Congratulations on the new baby! If you're having trouble sleeping try reading all the manuals, it works for me everytime, even in the morning! Must be getting old or summat. :roll:


----------



## Steamdrivenandy (Jun 18, 2007)

Manuals?
What manuals?
Andy


----------



## Evolution (Aug 1, 2005)

Before you buy gas bottles, give some thought to Gaslow, so you can fill up at petrol stations and don't have to heave heavy bottles into a small space. Or think about doing what we have done, and have an LPG tank fitted underneath the van so you can use the gas bottle cupboard for something else. My husband is a bit incapacitated too, so I need all the easy ways of doing things that I can find.

F'rinstance, our cassette is the old type without wheels, so I have one of those fold up plastic carts to take the cassette to the emptying point.

Enjoy.


----------



## Steamdrivenandy (Jun 18, 2007)

Talking of gas bottles, we only have a little 907 Camping Gaz in our van. It ran out a few weeks back when we were on Bunree CC site just south of Fort William. Unfortunately the warden had sold their only stock 907 the previous day.
We eventually found a replacement, having called at all sorts of places in the area, at the C&CC site near Oban. It worked out that we'd driven 44 miles just to get a gas bottle!
According to our van converters website they now offer Gaslow on new vans like ours for £347. Is that a competitive price?
Andy


----------



## pepandspice (May 1, 2005)

Congratulations on your purchase, I can understand your excitement, bet you keep looking out of the window admiring it. Hope you have lots of fun, days out can be extended as you have all your facilities with you now, hope you travel to lots of nice places. If you have any queries post away on this forum. 
Dawn


----------



## rowley (May 14, 2005)

Hope that you have loads of happy times in your Twin. If you have any Twin questions, just ask, there are several Twin owners on MHF.


----------



## 107012 (Sep 14, 2007)

Thanks everyone, this forum has been and will prove to be priceless.

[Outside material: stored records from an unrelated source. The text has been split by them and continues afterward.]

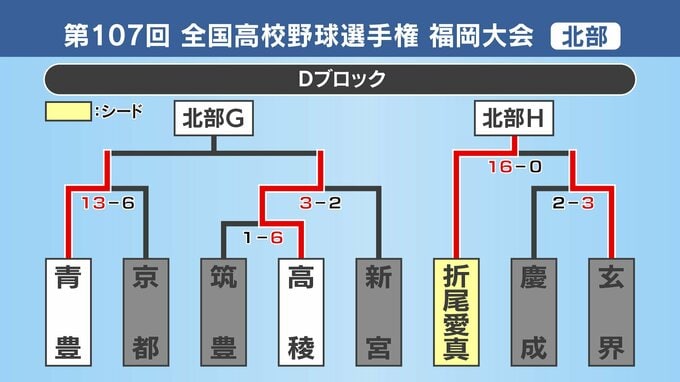 【めざせ甲子園!】夏の高校野球・福岡大会(北部)11日の結果 シード校の育徳館敗れる 東海大福岡・希望ヶ丘・折尾愛真・東筑・九国大付・ノーシードの小倉商業がベスト32進出 2025年7月11日(金) 19:57 国内 【北部Dブロック】シード校・折尾愛真がコールド勝ちでベスト32進出 折尾愛真16-0玄界
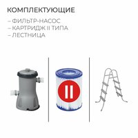 Купить Каркасный круглый бассейн 366х100 см, 9150 л, с фильтром 2006л/час и лестница без площадки 56418 с доставкой по всей России.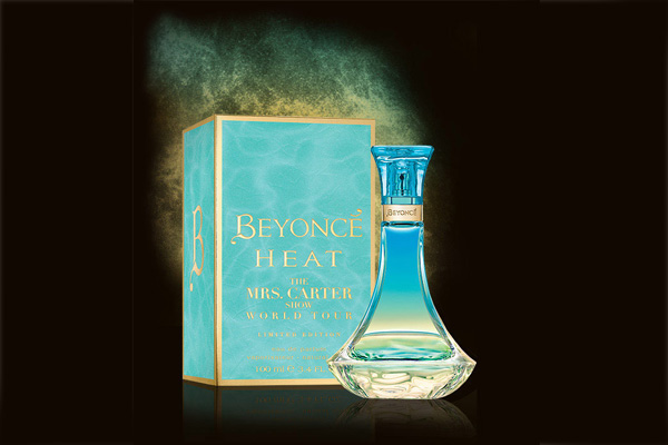 The seductive Heat – The Mrs. Carter Show World Tour, a blend of florals, vanilla, sandalwood and acai, comes in a turquoise glass bottle and captures the "power, passion and playfulness" of Knowles` show.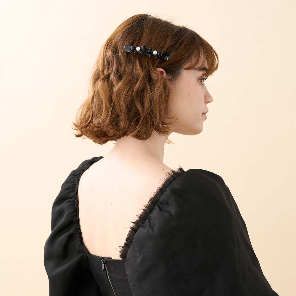 Die POÉSIE Haarspange 8 cm stammt aus der „Confrontation“-Kollektion, die die stille Begegnung zwischen Menschen und künstlicher Intelligenz in ästhetischer Form interpretiert. Die Linie setzt auf klare Formen und raffinierte Details: Eine fein gearbeitete Schleife, farblich perfekt abgestimmt, wird in der Mitte durch eine leuchtende Perle akzentuiert und verleiht dem Accessoire einen zarten, poetischen Charakter.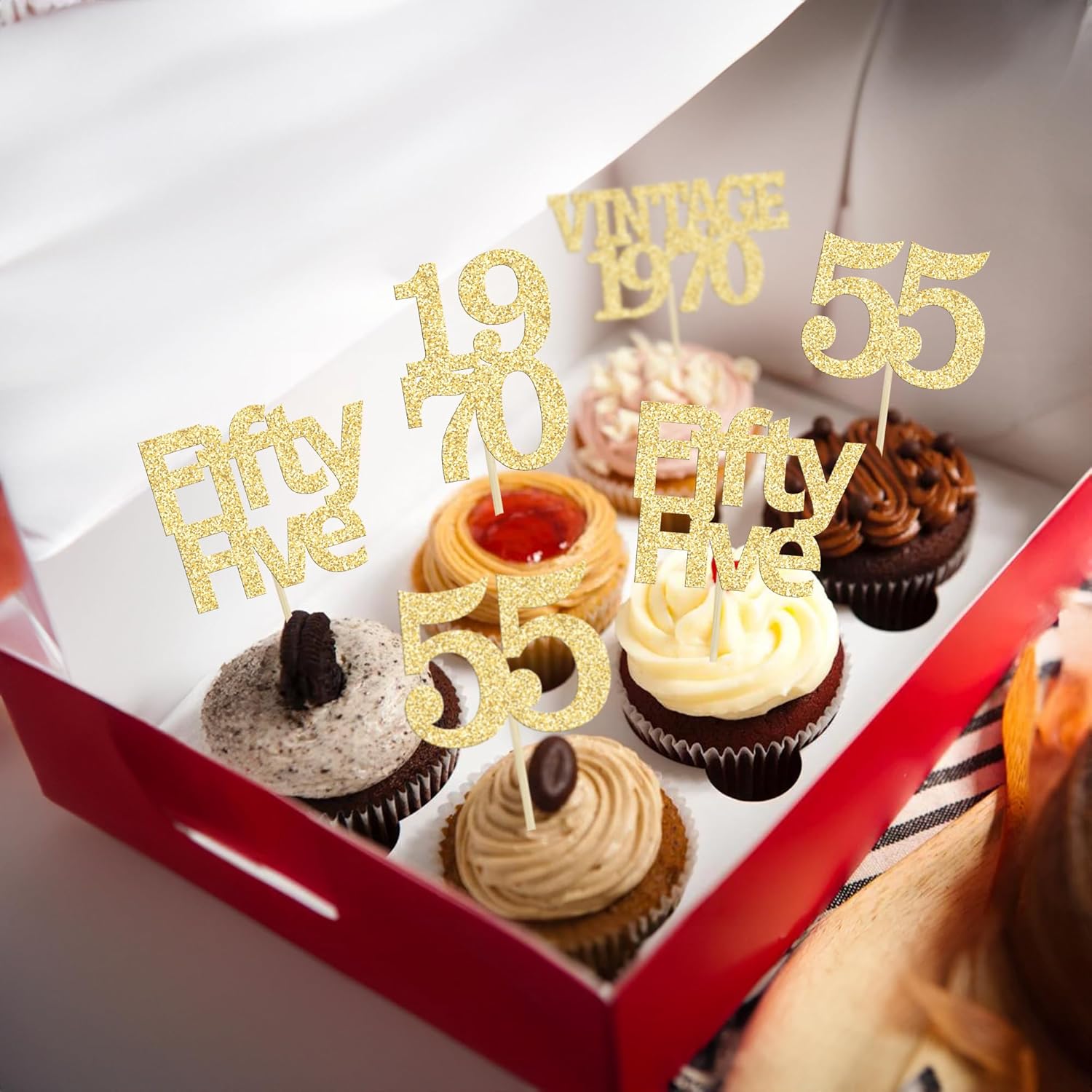 - Premium Material: These 55th Birthday Cupcake Toppers are made of high quality 300 gram card stock and food-grade toothpick, very safe to put them on cakes, cupcakes, ice cream, fruits, pie, dessert, cheese or any dish and food appetizer you want to decorate Valentine theme party decorations.

3 questions for the Twin owners really;
We have bought a gaslow bottle and all the workings for it. It seems that because the bottles on the Twin are kept in a gas locker at the back, that we'll have to use a bracket for the regulator and open the back door to refill, rather than an exterior filler? Is this what other Twins have done and has this worked OK? We will see how we go and if we need another bottle for longer trips, say to France as planned next year, we will buy another then and the automatic adapter of course. 

Also, there does not seem to be a Fiat handbook for the engine. What type of oil should I be using?

Rust on the engine due to water inclution? Do I ask my dealer, or go straight to Fiat, as there seems to be a bit of rust in the valley around the injectors?

In anticipation, thanks.


----------